The importance of communicating benefits effectively to employees is a long-established and core pillar of any reward strategy. Why invest heavily in providing great benefits if you do not tell your employees about them and, more importantly, how they can get the most from the benefits they have?

Research conducted by Ellipse in August 2017, the Employee benefits research report, presents a mixed picture about how effective employers are with benefits communication. While 32% of employers speak to their staff at least once a month about their benefits, an effective and timely frequency of communication, 28% only communicate with their staff once a year and 7% said they never communicate.

Employers have a role to play in encouraging greater financial protection
The employer has the potential to play a vital role in encouraging employees to maintain adequate financial protection, just as they have done with retirement savings through auto-enrolment.

Employers should not underestimate how valued these benefits are. The same research showed that after a pension, health insurance and then life insurance are the most valued employee benefits.

Communication can also help employees to better understand the value of less familiar benefits, such as income protection insurance for example.

Personalisation is the key to engagement
Providing employees with choice is the key to improved engagement and can form the basis on which to communicate. Static communications explaining what the cover is and how it works should not be overlooked, but prompting employees to review their own cover and adapt it to their needs is likely to be more effective.

Flexible benefits plans are the best place to do this, but even there we find most communications about financial protection are, at best, generic. Employees of different ages, working in different industries, will have different needs and preferences for benefits at different times. Indeed, our research shows that the benefits employees value most differs significantly by industry. These factors should be considered in order to effectively engage employees.

Promoting certain benefits at specific times of the year, for example, or promoting certain benefits over others to particular segments of the workforce, based on the nature of their work, their age or family circumstances, will all help to improve engagement. Lifestyle events could be more proactive, with specific communications tailored to the individual employee prompting them to consider their life cover after the birth of their first child, or purchase of a first home, for example.

Should benefits managers think like marketing managers?

Among large employers, our research shows that email and and an organisation’s intranet are the most common channels used to communicate benefits, while smaller employers rely on verbal briefings.

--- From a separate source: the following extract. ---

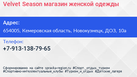 Velvet Season, магазин женской одежды по адресу 654005, Кемеровская область, Новокузнецк, ДОЗ, 10а в дальнейшем Организация, размещена в следующих категориях:
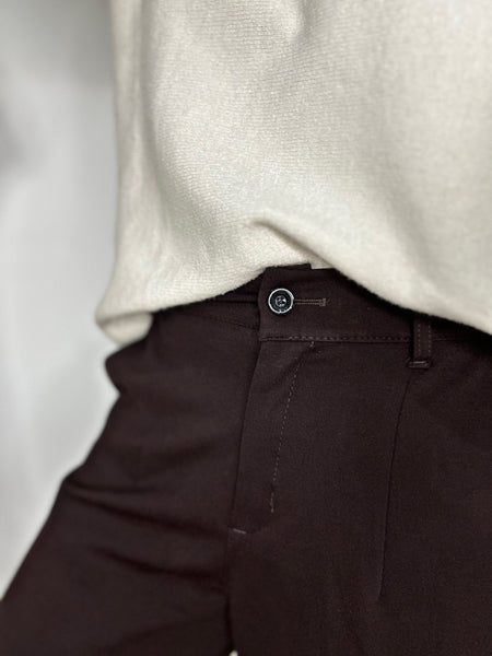 • Ceinture plate, élastiquée au dos, sans braguette apparente

These choices appear to be driven by what is convenient for the employer, rather than what is most effective to reach employees. A marketing mentality can be useful here. Rather than expecting employees to want to read about their benefits, persuade them to read, watch or hear about their benefits. Using multiple channels which are appropriate and relevant to the demographic of the workforce is also advised because it is inevitable that some methods will connect better with certain employees than others. Analytics can then help to show which techniques are more effective and why.

These techniques are relevant to all benefits, but especially financial protection, an important but not often easily understood set of benefits. New product innovations in this market will be much more effective if combined with better employee engagement driven by thoughtful, novel and effective communications.